Slightly complicated situation but let's try to unravel it.
#1 You have to give the statutory notice., which is at least 15 weeks before you are due to give birth. Eligibility for Company Sick Pay Scheme depends on the scheme rules. To be eligible for Statutory Maternity Pay, you must have worked for them at least 26 weeks before qualifying week, 15 weeks before due date. If you don't get SMP, you may be eligible for maternity allowance, eligibility for which is you must have worked at least 26 weeks (for any employer in UK) during the 66 weeks before due date, but not necessarily continuously.
#2 Yes, you should be eligible for prenatal, birth and postnatal care under NHS. 
#3 They are not allowed to withdraw their offer on account of your pregnancy - that's against the law. Just give them statutory notice when you have to and they will have to comply with the law. 

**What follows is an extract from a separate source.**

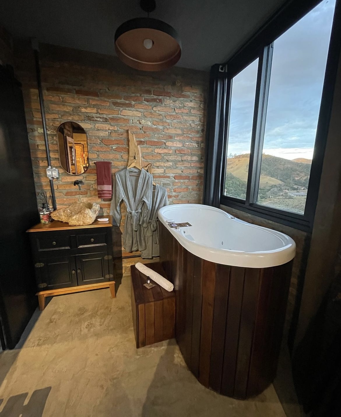 Descanse em um refúgio com vista para as montanhas. Ideal para quem deseja recarregar as energias, celebrar o amor com uma taça de vinho ou até mesmo trabalhar remotamente. O espaço possui vista panorâmica para as montanhas. A proposta é proporcionar a experiência de aproximação constante com a natureza que, por sinal, é linda em todas as suas fases, noturnas ou diurnas.

Before you do anything, have a word with employment lawyer in UK - you can usually get free initial advice free.


----------



## miksa (Jan 22, 2016)

Joppa said:


> Slightly complicated situation but let's try to unravel it.
> #1 You have to give the statutory notice., which is at least 15 weeks before you are due to give birth. Eligibility for Company Sick Pay Scheme depends on the scheme rules. To be eligible for Statutory Maternity Pay, you must have worked for them at least 26 weeks before qualifying week, 15 weeks before due date. If you don't get SMP, you may be eligible for maternity allowance, eligibility for which is you must have worked at least 26 weeks (for any employer in UK) during the 66 weeks before due date, but not necessarily continuously.
> #2 Yes, you should be eligible for prenatal, birth and postnatal care under NHS.
> #3 They are not allowed to withdraw their offer on account of your pregnancy - that's against the law. Just give them statutory notice when you have to and they will have to comply with the law.
> ...


Thank you very much, Joppa. I went through my contract once again and it looks like I most likely will not be eligible for maternity pay per Company policy. That's okay though. I can plan ahead for that. 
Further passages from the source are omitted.